Note: Rodney Smith was born in a gypsy tent in Epping Forest, near London. He had no formal education, and could neither read nor write in his early years. His family made a living by selling baskets, tinware and clothes pegs. After his mother died, when Rodney was a boy, his father trusted Christ as Saviour, as did Rodney himself in his early teens.

As an adult, Smith became an ardent evangelist, preaching to large crowds in England, where he soon became known as Gypsy Smith. For nearly seventy years, he was a world traveler, circling the globe twice, preaching the gospel in Britain, France, Australia, South Africa and elsewhere. He made thirty trips to America.

Dreams are fascinating things. The dictionary defines them as: images, thoughts, or emotions passing through the mind during sleep. They have been studied down through recorded history, but there are still unsolved mysteries as to why we dream, or what they might mean.

Apparently, though they are often forgotten after we wake, we dream three to five times a night. Our dreams may last only a few seconds, or take as long as twenty or thirty minutes. They can be pleasant and exciting, or sometimes frustrating and even frightening. With the one we may be sorry to awaken, with the other we are very glad to return to real life!

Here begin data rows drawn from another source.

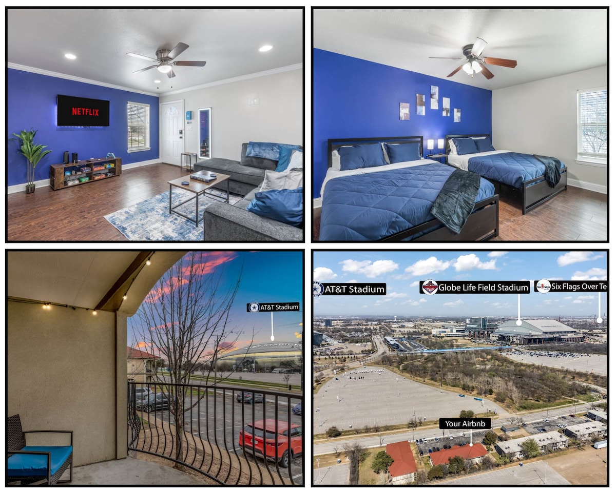 Bucură-te de confort de lux și de priveliști uimitoare ale stadionului în acest apartament elegant cu 2 dormitoare/3 paturi/2 băi, la doar câțiva pași de Stadionul AT&T, Globe Life Field și Texas Live! Vatra de foc, grătarul, o bucătărie modernă, televizoarele inteligente și parcarea gratuită îl fac perfect pentru familii, cupluri, persoane care călătoresc în interes de afaceri și grupuri. Creează amintiri de neuitat! - Câteva minute de mers pe jos până la jocuri și concerte - La mai puțin de 5 minute de mers cu mașina de Six Flags și Hurricane Harbor - Aproape de restaurante grozave, cum ar fi Texas Live! și Cane Rosso - Parcare gratuită + acces facil la Uber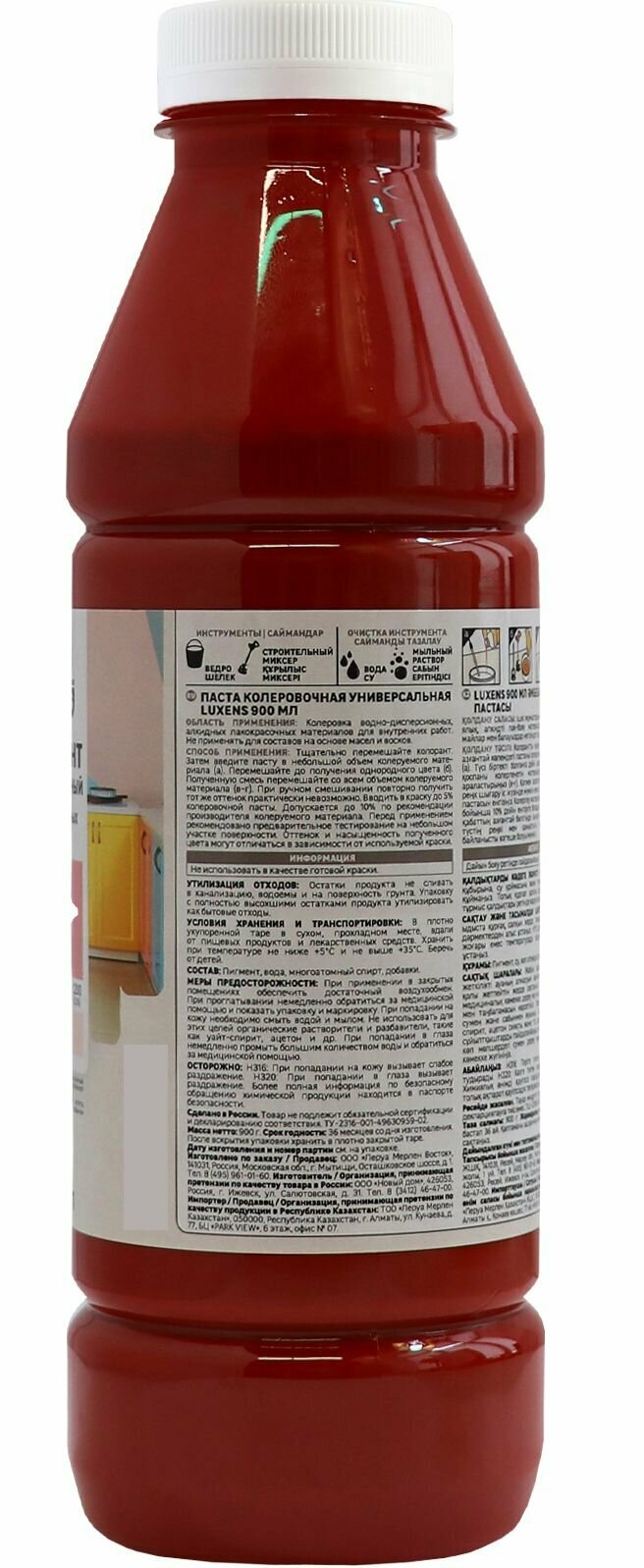 Колеровочная паста Luxens колорант универсальный для интерьерных работ, алый, 0.9 л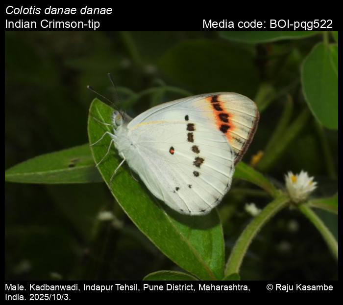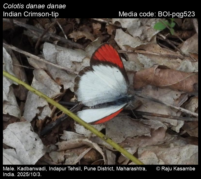 Saji K. and M. Bhakare 2025. Colotis danae (Fabricius, 1775) – Crimson-tip. In Kunte, K., S. Sondhi, and P. Roy (Chief Editors). Butterflies of India, v. 4.12. Published by the Indian Foundation for Butterflies. URL: https://www.ifoundbutterflies.org/colotis-danae, accessed 2025/12/06.
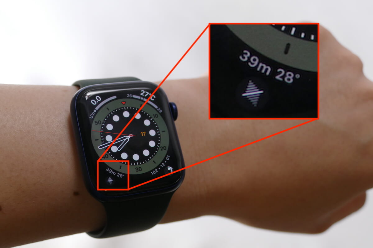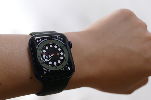 高度測定はSeries 5でも対応していた機能です。これがSeries 6では常時測定可能になりました。例えば、ハイキングなどのワークアウトを測定している分には、これまでも高度の表示を確認できました。しかし、Series 6では文字盤のコンプリケーションにコンパスを配置し、標高の変化を常に確認できるのです。電池の節約をしながら登山をしたり、現在の標高を知りたいような場面で活用できるでしょう。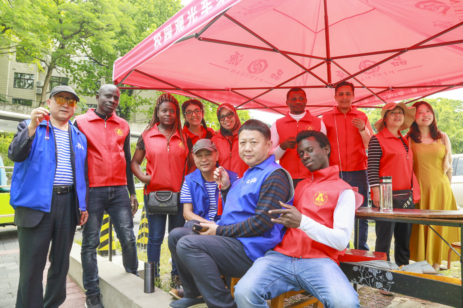 与此同时,“洋雷锋”志愿者服务队也行动起来,职工队员们利用文化体验课上学到的中国结编织技术,编织出了象征感恩和祝福的中国结吊坠,赠送给服务和帮助过自己的保安、食堂后勤工作者、校车司机、外卖小哥。“他们是我们最常见到、但又最容易忘记的人,今天要对他们好好说声谢谢”......“洋雷锋”们这样说到。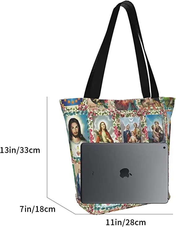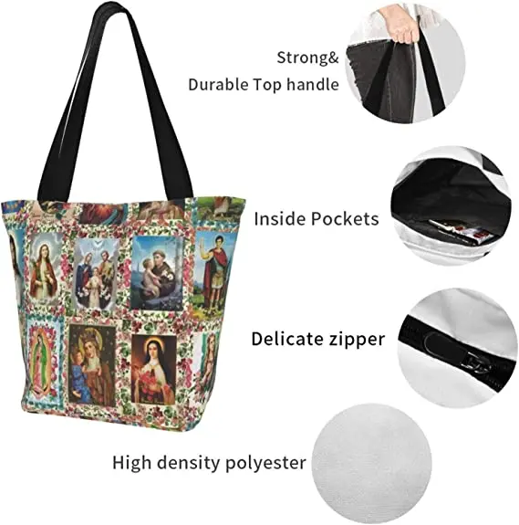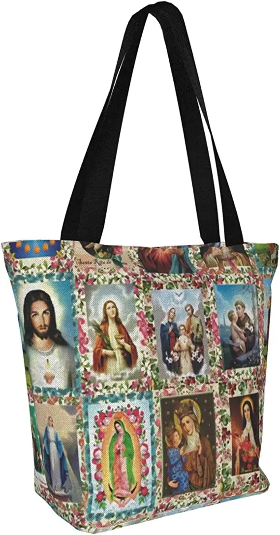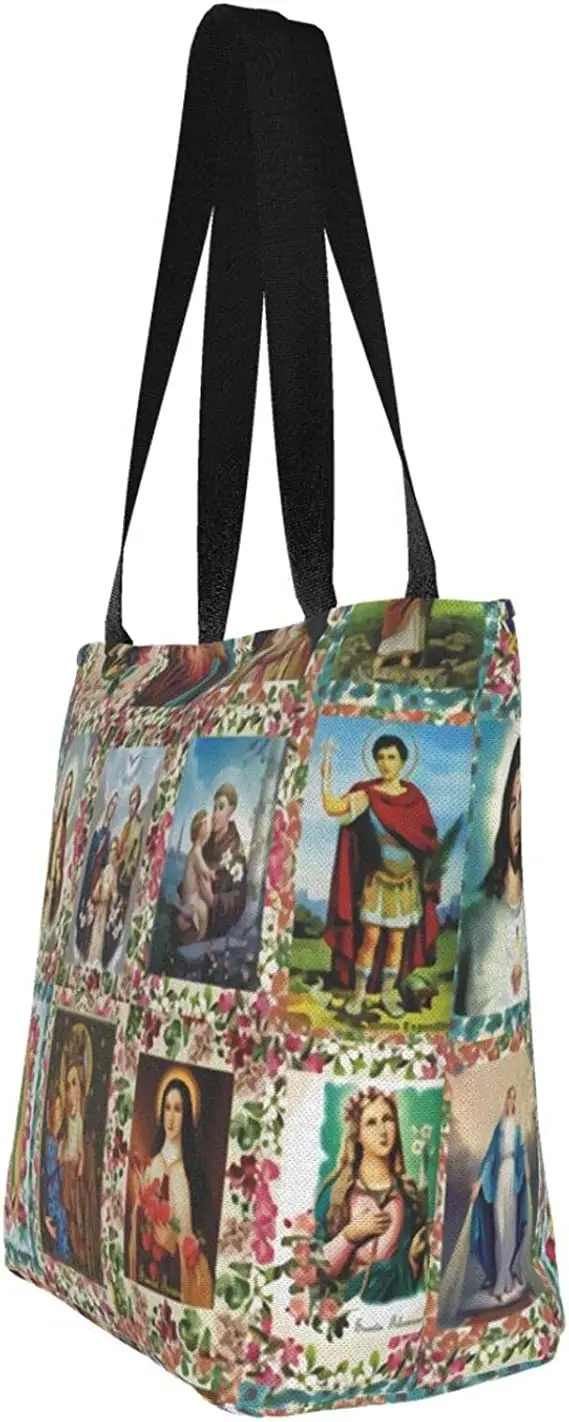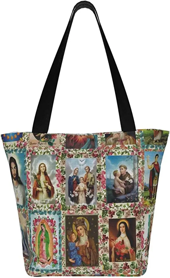 This Catholic Saints tote bag features inspiring images of beloved saints. The design celebrates faith, devotion, and spiritual heritage. It is made for everyday use while expressing meaningful beliefs. The roomy interior easily holds groceries, books, or daily essentials. Strong handles provide comfortable shoulder carrying. This tote bag is ideal for shopping, church events, or travel. The saint imagery adds a beautiful and reverent touch. It makes a thoughtful gift for Catholics and faith-filled individuals. The reusable design helps reduce waste while staying stylish. Durable construction ensures long-lasting use. It pairs well with casual outfits and daily routines. This tote bag blends faith, function, and inspiration effortlessly.

The line between wakeful reality and sleeping imagery can become somewhat blurred. We can have dreams that seem very real at the time, not like a dream at all. That uncertainty was experienced by a man the Apostle Paul describes–and many Bible scholars believe he may actually be speaking of his own experience. He says:

“I know a man in Christ who fourteen years ago–whether in the body I do not know, or whether out of the body I do not know, God knows–such a one was caught up to the third heaven [Paradise]” (II Cor. 12:2).

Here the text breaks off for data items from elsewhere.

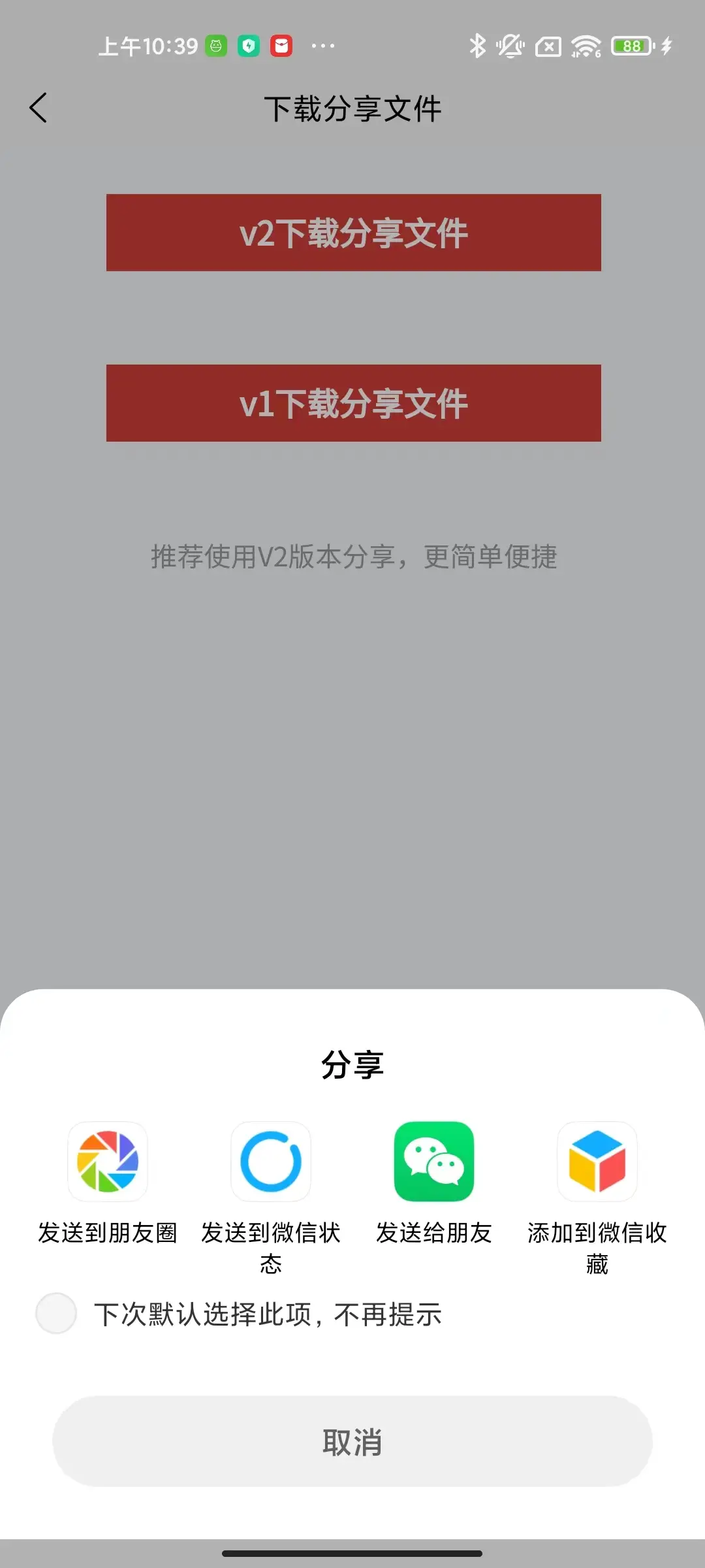 | shareFile2WX | 开始分享 | 无 | 非 |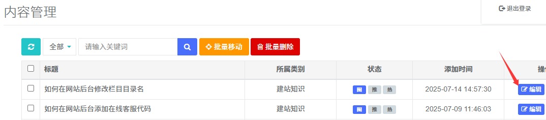 1. 進入后臺,再選擇要勾選熱門的文章,點擊【編輯】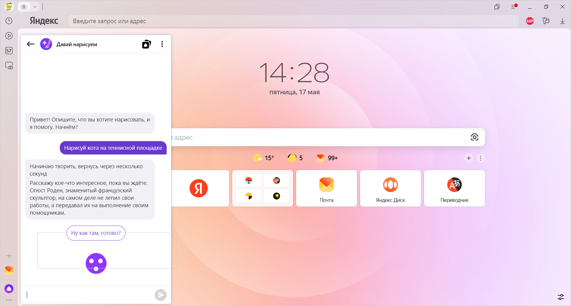 YandexART нейрожүйесі, мысалы, әлеуметтік желілердегі пост немесе презентация үшін тікелей Браузерде сурет жасауға көмектеседі. Сурет жасау үшін: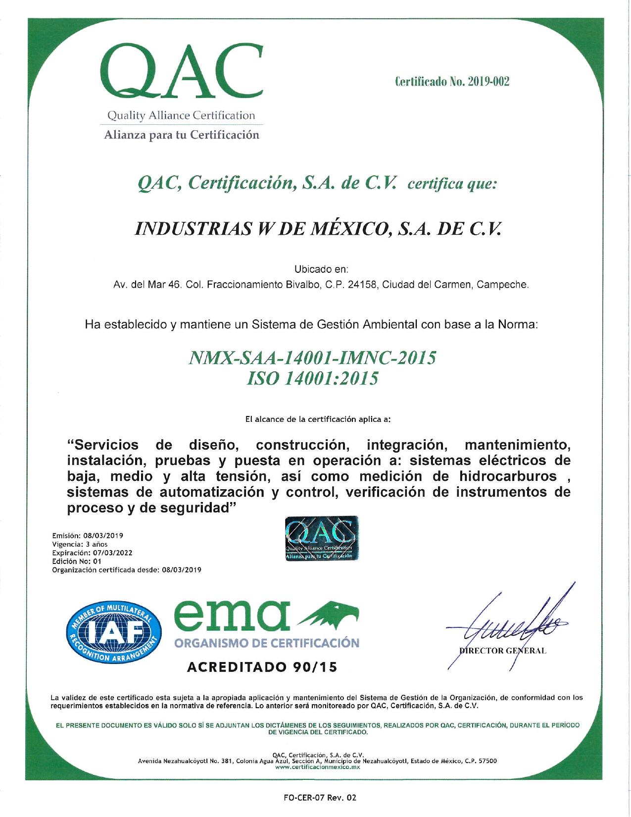 Certificación de la norma de sistema de gestión ambiental - ISO 14001.

Was he physically transported to heaven for a time, or was it a dream? He wasn’t sure. He takes the experience as being from the Lord, but the nature of it is uncertain.

In Bible times, God used dreams and visions to convey important information, or foreshadow coming events. He communicated with Joseph, and Daniel this way, also giving them the ability to interpret the dreams of others (Gen. 40:8, 41; 41:13; Dan. 2:1, 19).

Opinions differ as to whether this sort of gift is given today. But since the Bible was completed, there are no more inspired and infallible revelations coming from the Lord. There is nothing to be added to the Bible. We have the truth we need. We simply have to believe, obey, and share the truth we have.

One day, Gypsy Smith was seated in a train, reading his Bible, on the way to Atlanta, when the man seated across from him asked, “Say, what’s that you’re reading?” When Gypsy Smith told him, the made sneered, “The Bible, hey. Do you believe it–all those stories about the apple, and the flood, and hell and sin, and ‘bout getting to heaven?”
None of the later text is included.